3. Attention block (A-block): channel attention and spatial attention are learned in parallel by grouping feature maps along the channel axis to achieve more accurate attention to important information areas (such as 2.3.3).

Figure 4.

RA-CNN model.

Table 2.

The number of channels and output dimensions of each layer.

Layer name	Operate	Kernel size	Stride	Output size	Channels
Input				224 × 224	3
Top layer	conv2d	7 × 7	2	112 × 112	16
	Max Pool2d	3 × 3	2	56 × 56	16
	R-block1	$\left(\frac{\text{conv}2\text{d},1\times 1,4}{\begin{array}{c}\text{conv}2\text{d},3\times 3,4\\ \text{conv}2\text{d},1\times 1,16\end{array}}\right)\times 1$	1 1 1	56 × 56	16
Middle layer	R-block5	$\left(\frac{\text{conv}2\text{d},1\times 1,4}{\begin{array}{c}\text{conv}2\text{d},3\times 3,4\\ \text{conv}2\text{d},1\times 1,16\end{array}}\right)\times 1$	1 1 1	56 × 56	16
Bottom layer	RA-UNET			56 × 56	16
Top layer	R-block2	$\left(\frac{\text{conv}2\text{d},1\times 1,8}{\begin{array}{c}\text{conv}2\text{d},3\times 3,8\\ \text{conv}2\text{d},1\times 1,32\end{array}}\right)\times 1$	1 2 1	28 × 28	32
	R-block3	$\left(\frac{\text{conv}2\text{d},1\times 1,16}{\begin{array}{c}\text{conv}2\text{d},3\times 3,16\\ \text{conv}2\text{d},1\times 1,64\end{array}}\right)\times 1$	1 2 1	14 × 14	64
	R-block4	$\left(\frac{\text{conv}2\text{d},1\times 1,16}{\begin{array}{c}\text{conv}2\text{d},3\times 3,16\\ \text{conv}2\text{d},1\times 1,64\end{array}}\right)\times 1$	1 2 1	7 × 7	64
	Avg Pool2d	7 × 7	1	1 × 1	64
Output				4

2.3.1. R-Block

R-block is a basic residual block with judgment branches, which is made up of three BatchNorm2d-Relu-Conv2d layers and then distributed throughout the RA-CNN model to accomplish the general function of feature processing.

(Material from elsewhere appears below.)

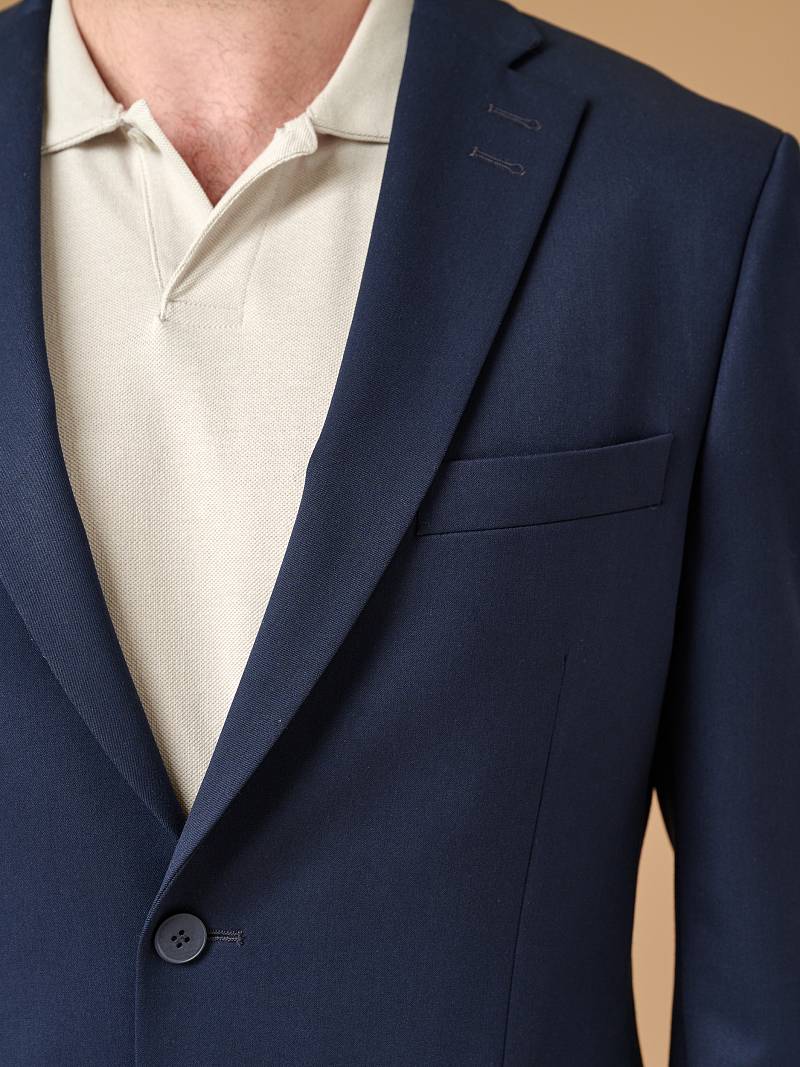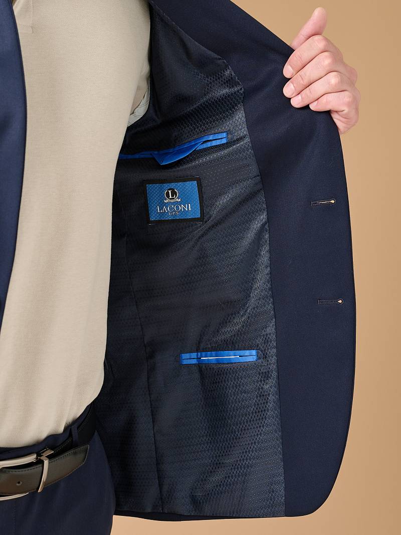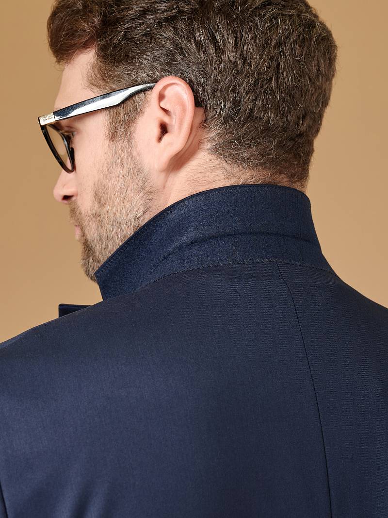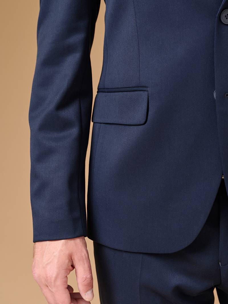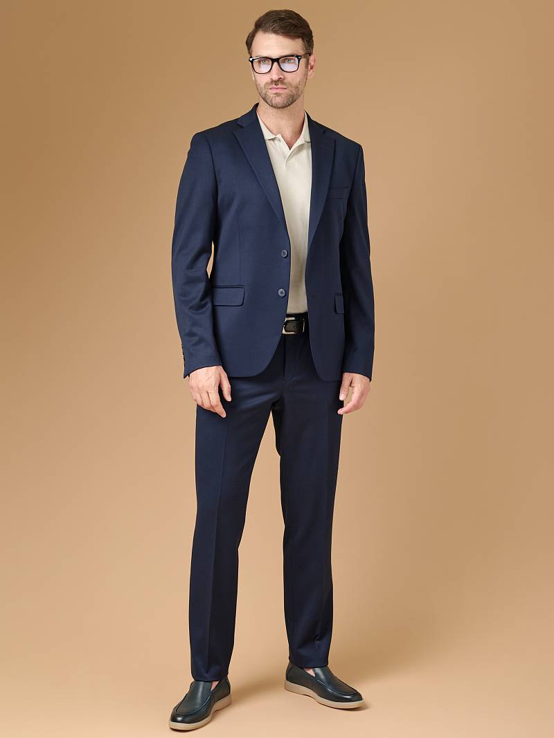 Классический костюм двойка Classic fit (ПОЛУПРИЛЕГАЮЩИЙ СИЛУЭТ). Пиджак однобортный на две пуговицы, с двумя боковыми карманами с клапанами и нагрудной листочкой. Рукава втачные, двухшовные со шлицей и четырьмя декоративными пуговицами. По спинке расположены две шлицы. Пиджак на подкладке, с двумя внутренними карманами. Брюки без защипов, с боковыми наклонными карманами и двумя задними карманами «в рамку». Передние половинки на подкладке. Верхний срез брюк обработан поясом с корсажной лентой и шлевками под ремень. Застежка обработана на тесьму-молнию, с петлей-пуговицей на поясе и усилен металлическим крючком.

Figure 5 shows the structural details of the R-block, which was inspired by the ResNet to solve the “degradation” problem caused by very deep levels and designed a structure with a judgment function (the Exit? branch shown in Figure 5), which decides whether to retain more original feature information by setting different steps and channels, so the purpose of it is to ensure that the essential characteristics of the feature map will not be destroyed to the maximum extent. Therefore, we can set appropriate parameters for different needs, followed by the residual connection.

Figure 5.

R-block.

For the input X_R of R-block, the expected output R(X_R) can be expressed as

$$\begin{array}{c}R\left(X_R\right)=\left\{\begin{array}{c}{f}_i\left({\theta }^T\left({\sigma }_1\left(X_R\right)\right)\right)\oplus X_R\left(\text{i}\right),\hfill \\ f_i\left({\theta }^T\left({\sigma }_1\left(X_R\right)\right)\right)\oplus f_1\left({\theta }^T\left({\sigma }_1\left(X_R\right)\right)\right)\left(\text{ii}\right),\hfill \end{array}\right.\end{array}$$ (3)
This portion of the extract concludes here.